++++ DATA SHOWN ++++

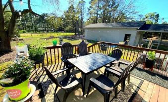 Take it easy at this unique and tranquil country feel getaway just 15 minutes from downtown Raleigh. Enjoy a nice meal on the back deck or a firepit surrounded by trees. Appreciate the Wildlife running & flying around the big maple tree. Our home is off a main road therefore there will be some vehicle noise, but we added smart speakers in each bedroom to help light sleepers. Comfortable desk and chair to work from home. Walnut Creek Music Park 5 minutes and DT Raleigh 15 minutes awayAbout pets:No pets allowed.About checkOut:Check out before 11:00 AM.About children:Children allowed: ages 0-17.About customRules:1. We don’t have a paved driveway, it's gravel with some mud so we ask that shoes are removed to not track mud inside..2. The house is on a septic system so we ask that you do not flush any products other than toilet paper in the toilets.,3. Also, due to the septic system, put in trash all food debris, cooking oils, grease, fats, coffee grounds, or chemicals, not in the sink drain..About checkIn:Check in after 4:00 PM.About smoking:Smoking is not permitted.About minBookingAge:Minimum age to rent: 21.About events:No events allowed.
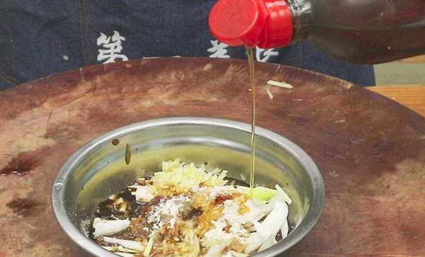 4.把鸡汤倒进刚刚切好的小料里面,加入适量的生抽、陈醋、香油、鸡粉搅拌均匀,连汤带料一起倒在鸡肉上面,抓拌均匀就可以装盘了。
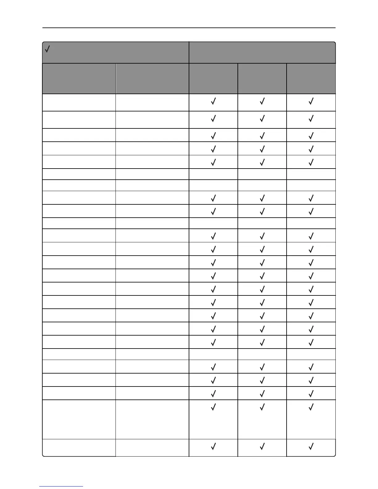 X = Not supported

++++

▶ _PROBLEM REQUIREMENTS_:
The result should be the same data as above, line for line, with the pictures gone.

▶ _RESPONSE_:
 Take it easy at this unique and tranquil country feel getaway just 15 minutes from downtown Raleigh. Enjoy a nice meal on the back deck or a firepit surrounded by trees. Appreciate the Wildlife running & flying around the big maple tree. Our home is off a main road therefore there will be some vehicle noise, but we added smart speakers in each bedroom to help light sleepers. Comfortable desk and chair to work from home. Walnut Creek Music Park 5 minutes and DT Raleigh 15 minutes awayAbout pets:No pets allowed.About checkOut:Check out before 11:00 AM.About children:Children allowed: ages 0-17.About customRules:1. We don’t have a paved driveway, it's gravel with some mud so we ask that shoes are removed to not track mud inside..2. The house is on a septic system so we ask that you do not flush any products other than toilet paper in the toilets.,3. Also, due to the septic system, put in trash all food debris, cooking oils, grease, fats, coffee grounds, or chemicals, not in the sink drain..About checkIn:Check in after 4:00 PM.About smoking:Smoking is not permitted.About minBookingAge:Minimum age to rent: 21.About events:No events allowed.
 4.把鸡汤倒进刚刚切好的小料里面,加入适量的生抽、陈醋、香油、鸡粉搅拌均匀,连汤带料一起倒在鸡肉上面,抓拌均匀就可以装盘了。
 X = Not supported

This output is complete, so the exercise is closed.